Japan to hold 1st intergovernmental talks with Germany on March 18

Tokyo, 11 March, /AJMEDIA/

TOKYO – Prime Minister Fumio Kishida said Friday that German Chancellor Olaf Scholz is scheduled to visit Japan, along with six members of his cabinet, to hold the two countries’ first high-level intergovernmental talks on March 18.

The gathering, expected to last for more than four hours, comes as Japan, which holds this year’s Group of Seven presidency, seeks to lay the ground for the G7 summit to be hosted in Kishida’s home constituency of Hiroshima in May.

The G7 groups Britain, Canada, France, Germany, Italy, Japan and the United States, plus the European Union. In January, Kishida made a weeklong trip to the G7 countries other than Germany in the run-up to the summit.

Kishida has pledged to pitch his vision of a world without nuclear weapons at the G7 summit in Hiroshima, which was devastated by a U.S. atomic bomb in August 1945, amid growing fears that Russia might use a nuclear device against Ukraine in the ongoing war.

At a meeting between the government and the ruling bloc on Friday, Kishida also said he is slated to visit India from March 19 for talks with his counterpart Narendra Modi.

Kishida’s trip to India, the chair of the Group of 20 economies for 2023, is set to come just weeks after Foreign Minister Yoshimasa Hayashi skipped a gathering of the G20’s top diplomats held for two days earlier this month in New Delhi.

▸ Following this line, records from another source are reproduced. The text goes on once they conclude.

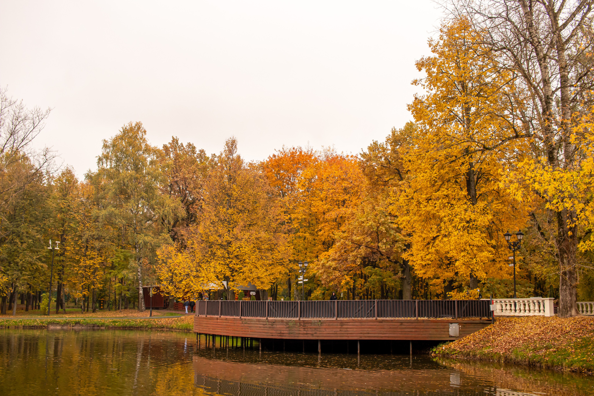 Мягкий свет, отражения в воде, жёлтые листья — всё работает на образ.
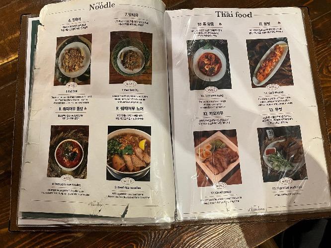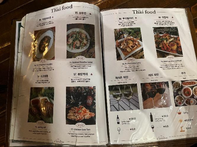 팟타이, 똠양꿈, 핏파오탈레, 뿌팟퐁커리 메뉴가
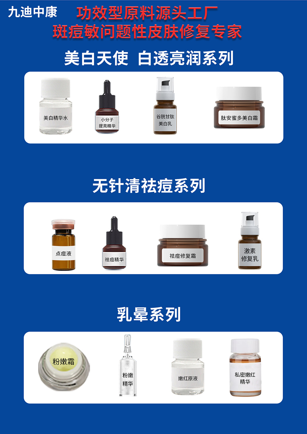 廣州九迪生物科技有限公司是一家集生化科技、醫(yī)藥、美容保健品的研發(fā)、專業(yè)制造與銷售、OEM/ODM及半成品銷售為一體的多元化國(guó)際性公司,與國(guó)際著名的醫(yī)藥企業(yè)和大學(xué)機(jī)構(gòu)有良好合作關(guān)系,一直致力于世界上先進(jìn)的美容理念和美容產(chǎn)品,長(zhǎng)期致力創(chuàng)造值得人們信賴、且具有品質(zhì)的美容護(hù)膚產(chǎn)品,并始終秉承“堅(jiān)持品質(zhì)”的理念,帶給世界許許多多的愛(ài)美的女性朋友。
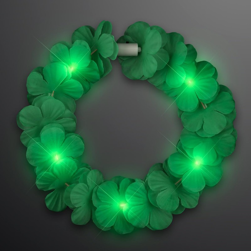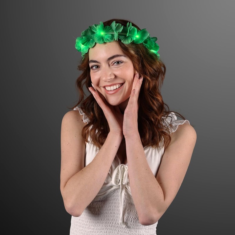 - INCLUDES: 12 Hawaiian Lei Floral Headbands with Green Flowers and LED Lights
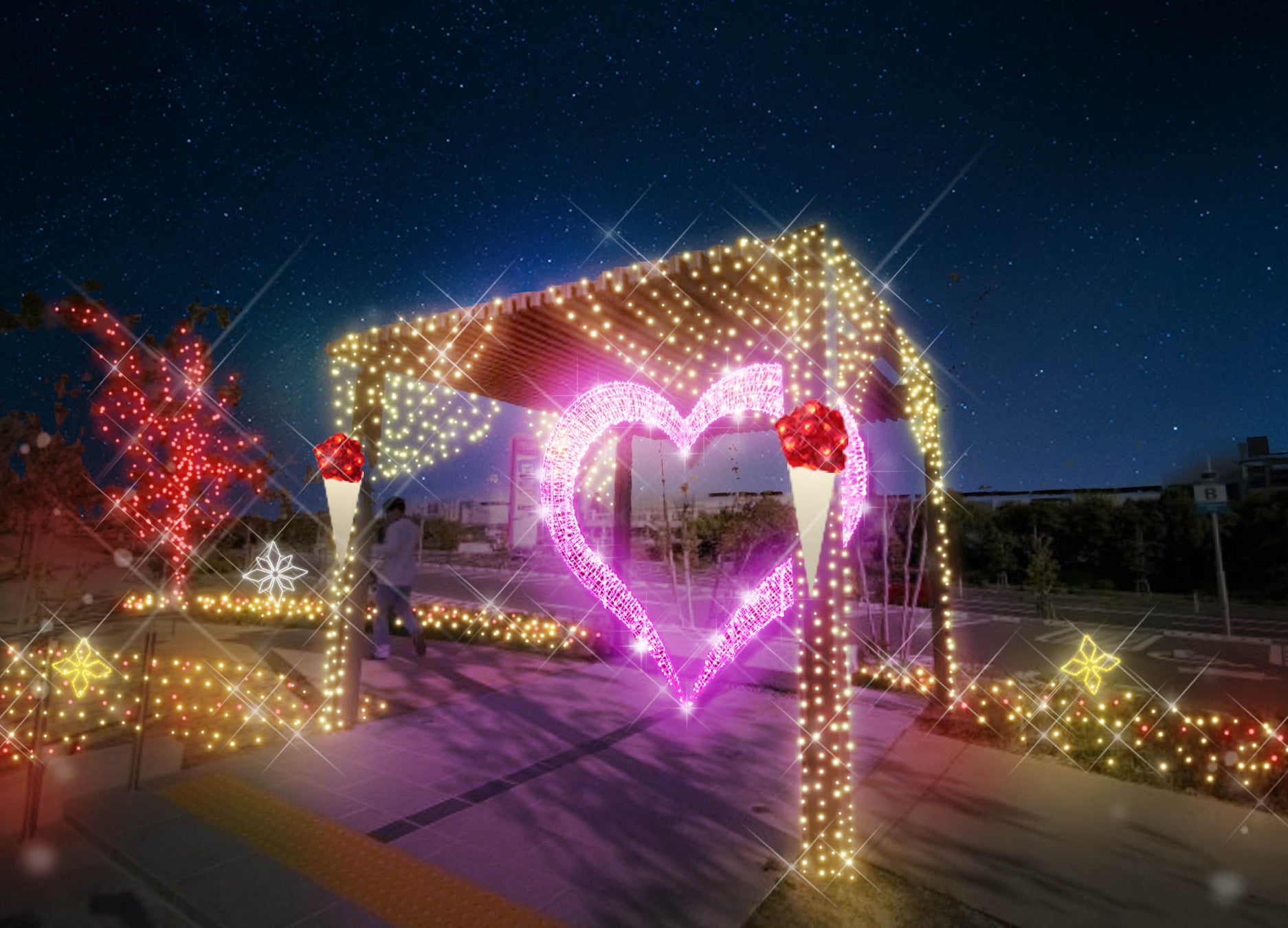 毎年多くの来場者に親しまれているハート型フォトスポットは、想いを誓い、願いを込める特別な空間として演出されています。
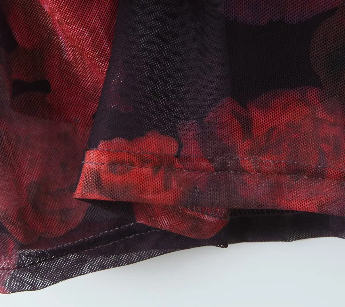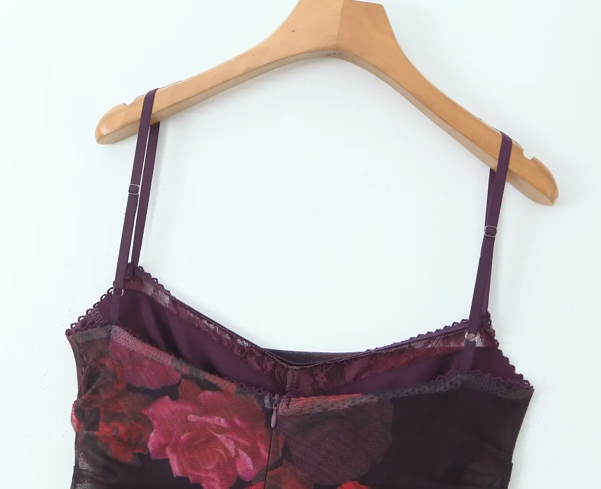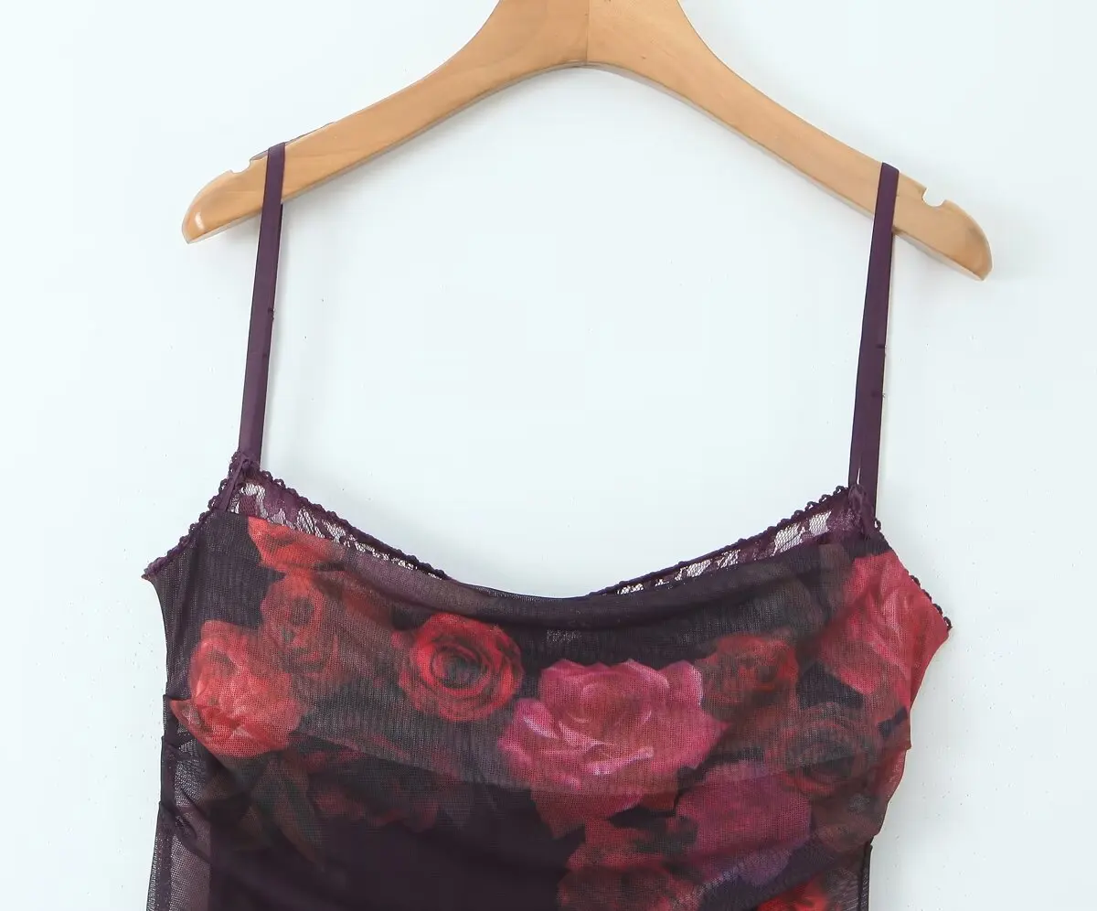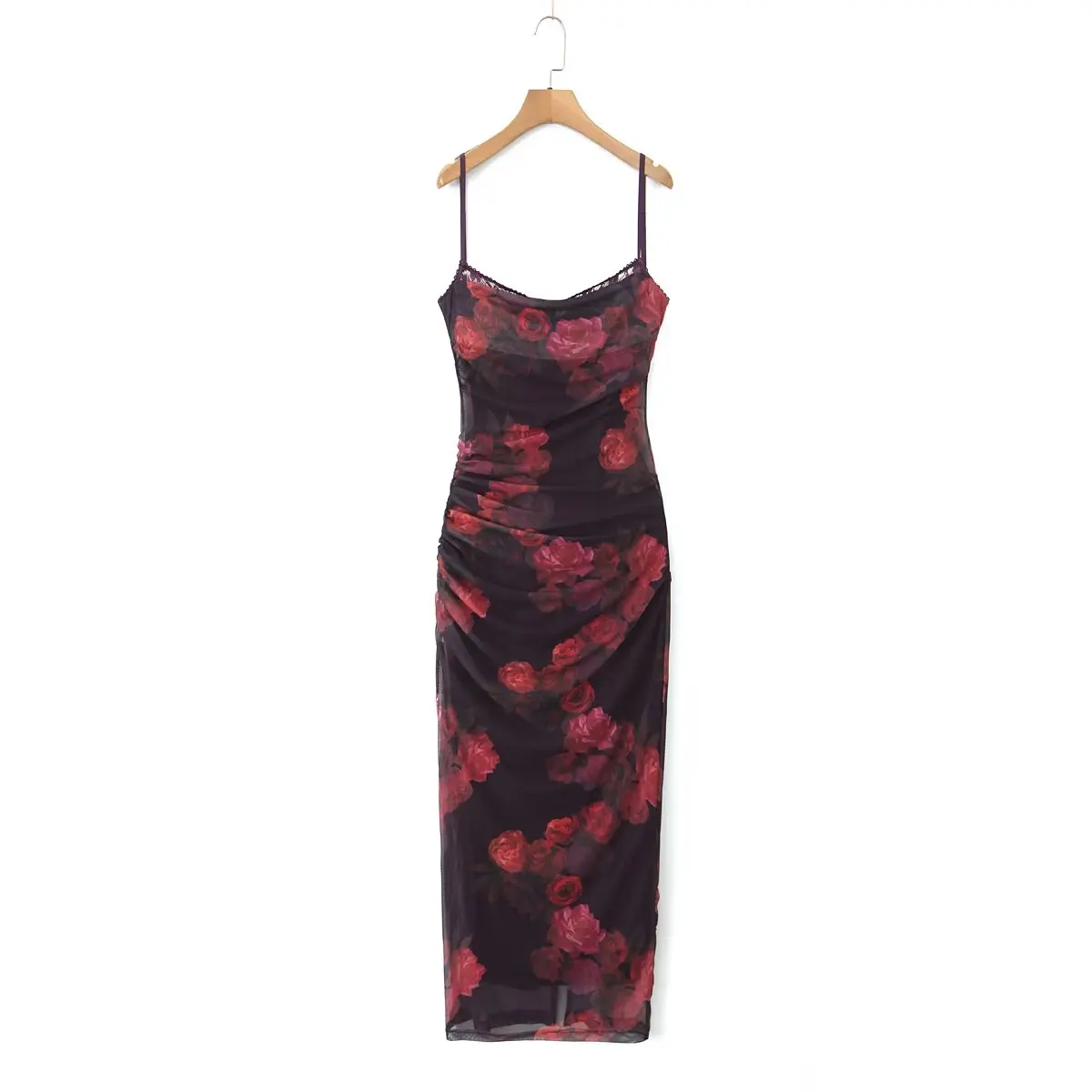 Sexy Women Vintage Floral Print Mesh Sling Long Dress Side Ruching Back Hem Slit Female

Hayashi’s absence triggered a backlash in some parts of the Indian media, which said it could cast a shadow over bilateral relations.

Kishida has been eager to confirm with Modi that Tokyo and New Delhi, as this year’s G7 and G20 presidents, will work together more closely to grapple with issues stemming from Russia’s war in Ukraine, government sources said.

During the envisioned talks, Kishida is likely to invite Modi to participate in the G7 summit, the sources added.

Along with the G7 members, the G20 also includes Argentina, Australia, Brazil, China, India, Indonesia, Mexico, Russia, Saudi Arabia, South Africa, South Korea and Turkey.